Untuk Tujuan yang Lebih Tinggi
Guru yang baik tidak mengajar untuk mendapatkan uang semata. Ia tidak mengajar untuk mendapatkan nama baik semata. Ia bekerja untuk tujuan yang lebih tinggi, yakni membentuk generasi bangsa masa depan yang mampu berpikir kritis, reflektif, kreatif, dan “bernafsu” untuk mewujudkan kebaikan bersama untuk semua. Dengan mengejar tujuan yang lebih tinggi, uang dan nama baik akan mengikuti.

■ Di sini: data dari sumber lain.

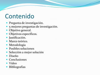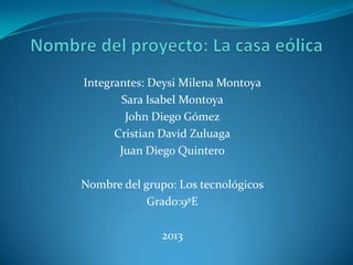 Este documento presenta un proyecto de investigación sobre cómo obtener electricidad para viviendas mediante energía eólica. El grupo estudiantil "Los tecnológicos" explorará esta pregunta a través de objetivos como mostrar energías alternativas que no contaminan y demostrar que la energía eólica puede usarse a nivel mundial de manera accesible. El marco teórico describe la energía eólica y cómo funcionan los molinos de viento. La metodología incluirá investigaciones e intentos de construir un prototipo a escala.
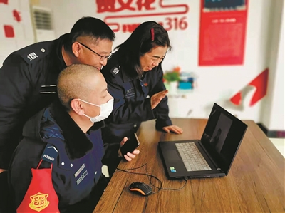 | 公交司机李珠课(戴口罩者)与家人视频连线。 胡翀 摄 |
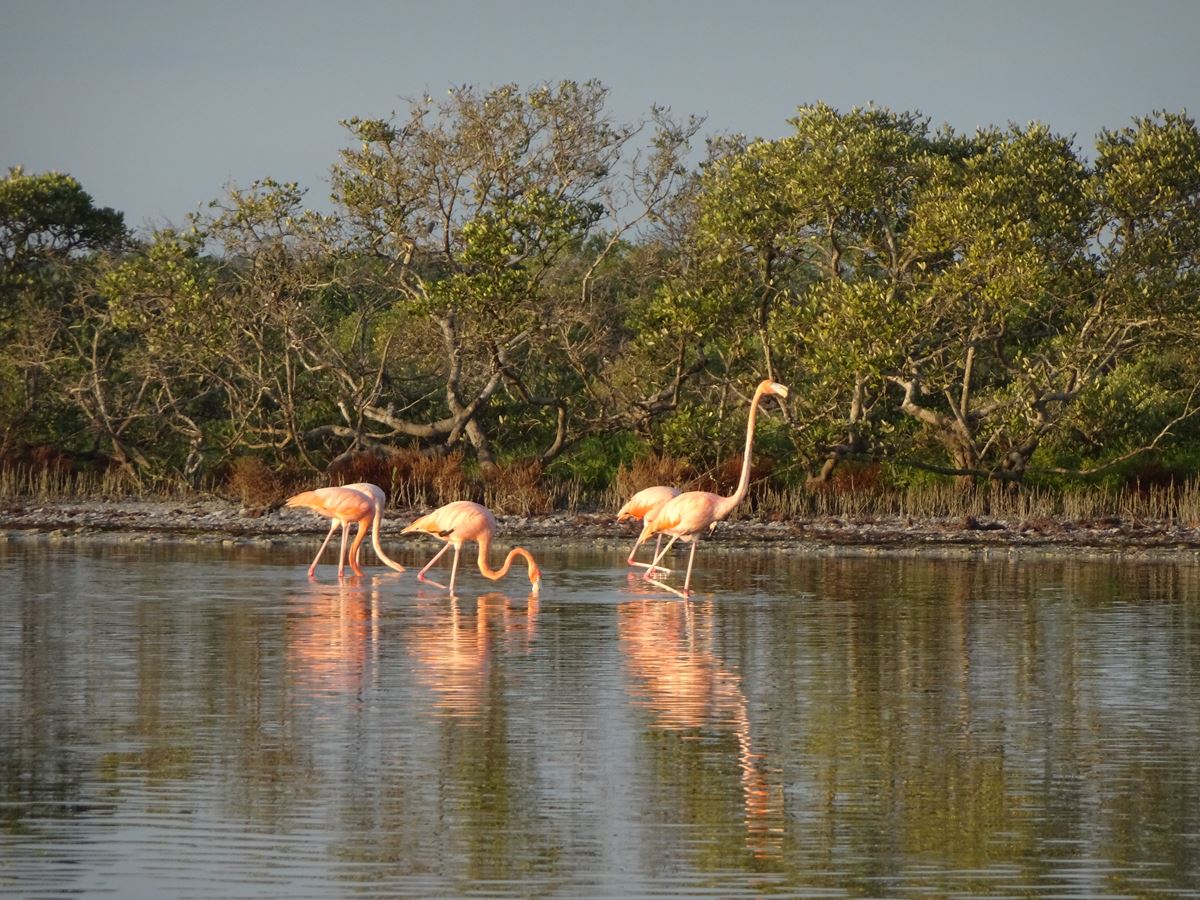 On démarre à nouveau la journée très tôt, à 6h, pour aller voir le Soleil se lever depuis le bateau qui nous emmène faire un tour du lagon de Rio Lagartos.

Guru yang baik mengajar, karena ia senang mengajar. Ia mendidik, karena ia menemukan kebahagiaan di dalam mendidik. Uang dan nama baik adalah urusan belakangan, yang akan datang sejalan dengan kualitas pengajaran dan pendidikan yang diberikannya (bukan terbalik).

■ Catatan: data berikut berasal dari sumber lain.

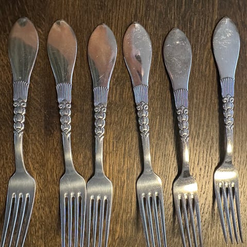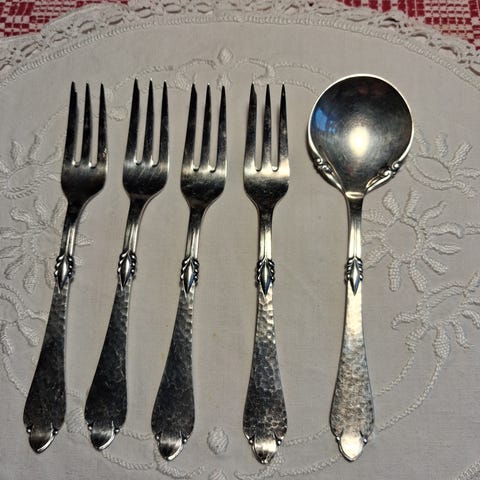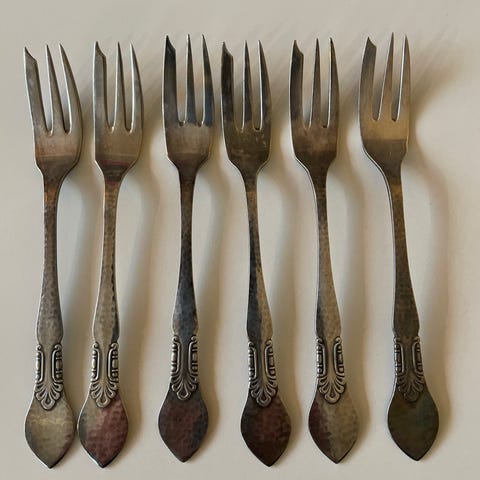Seks flotte vintage kage gafler fra Danske COHR i Riberhus design materiale sølvplet

Seorang pemimpin juga harus bekerja untuk tujuan yang lebih tinggi, yang sejalan dengan visi dan misi organisasi yang ia pimpin. Ia hidup dan bekerja dengan visi yang jelas, serta tidak gampang tergoda dengan keuntungan jangka pendek, ataupun kesempatan yang tidak jujur untuk mendapatkan keuntungan singkat. Ia yakin, bahwa uang dan nama baik akan datang, jika ia dan organisasinya memberikan yang terbaik kepada masyarakat sesuai dengan visi dan misi organisasinya.
Guru dan Kepemimpinan
Untuk menjadi pemimpin yang baik, orang perlu untuk menjadi guru yang baik. Keduanya membutuhkan kualitas kepribadian yang sama. Keduanya membutuhkan cinta dan keseimbangan yang kreatif antara sikap fleksibel dan displin diri di dalam mendidik, mengajar, ataupun memimpin. Maka tidak heran jika di Indonesia, kita mengalami dua krisis yang berjalan berbarengan, yakni krisis kepemimpinan, sekaligus krisis guru yang bermutu.

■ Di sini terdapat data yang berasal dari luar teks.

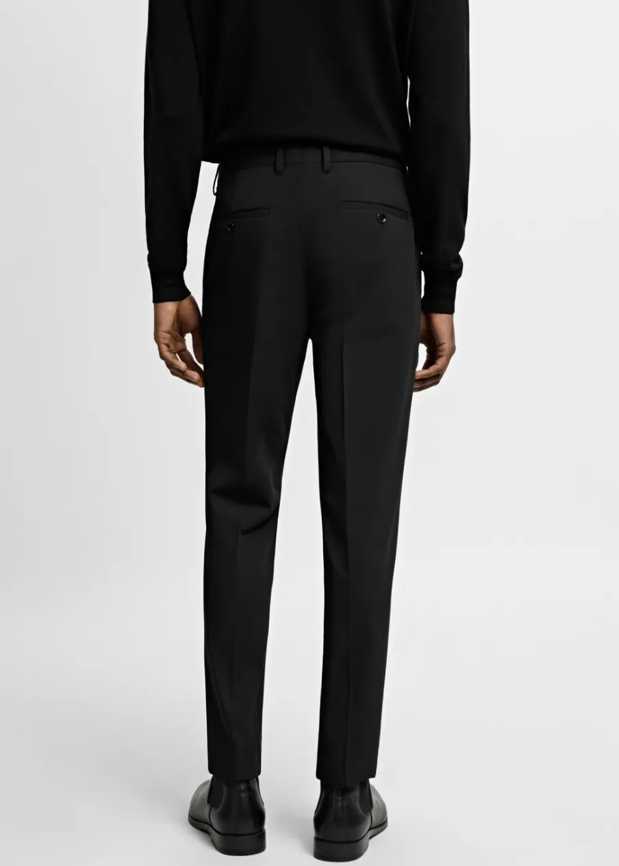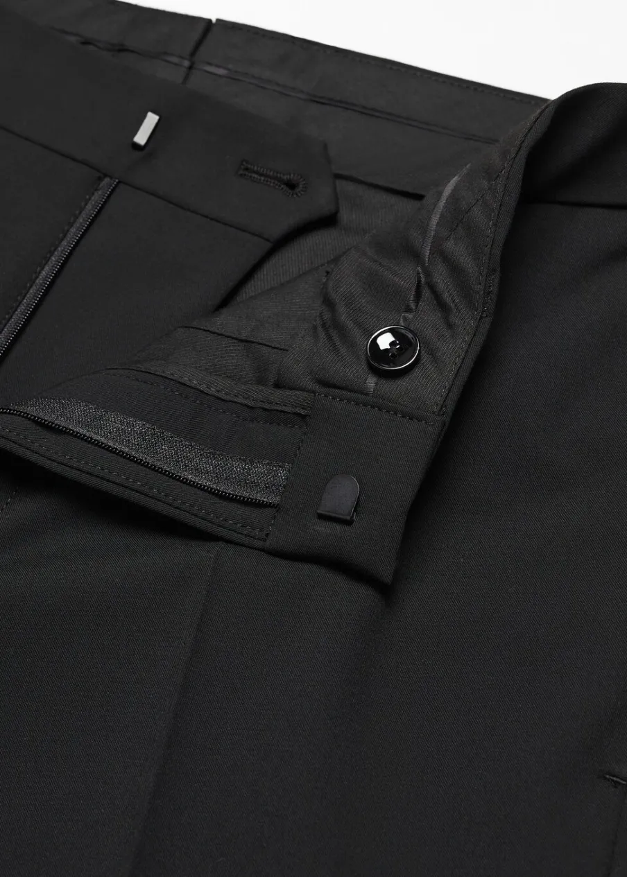 Comfort stretch: elastyczna tkanina dla większego komfortu. Wykonano z poliestru z recyklingu: wytrzymałego, oddychającego i łatwego w pielęgnacji materiału, dzięki czemu ubranie jest wygodne w użytkowaniu. Super slim-fit. Zaszewki z przodu i z tyłu. Kryte zapięcie na guzik, haftkę i suwak. Szlufki na pasek. Dwie kieszenie boczne. Kieszonka na monety na wysokości biodra. Dwie wpuszczane kieszenie z guzikiem z tyłu. Model ma 185 cm wzrostu i nosi rozmiar 42. Komfort: to ubranie zapewnia pełną swobodę ruchu i odzyskuje swój pierwotny kształt.

Walaupun bukan berprofesi sebagai guru, semua bisa mulai belajar menjadi “guru” yang baik dalam hidup sehari-hari kita. Kualitas-kualitas itu juga akan amat membantu kita dalam menjadi pemimpin di dalam hidup, mulai dari pemimpin keluarga, maupun pemimpin negara. Jadi tunggu apa lagi? Selamat belajar menjadi guru, dan selamat memimpin.

No comments:

Post a Comment

Antagonis - Politik

Antagonis - Politik Faktor Penyebab Beberapa sebab utama dari krisis politik ini, yakni feodalisme, oligarki dan banalitas kejahat...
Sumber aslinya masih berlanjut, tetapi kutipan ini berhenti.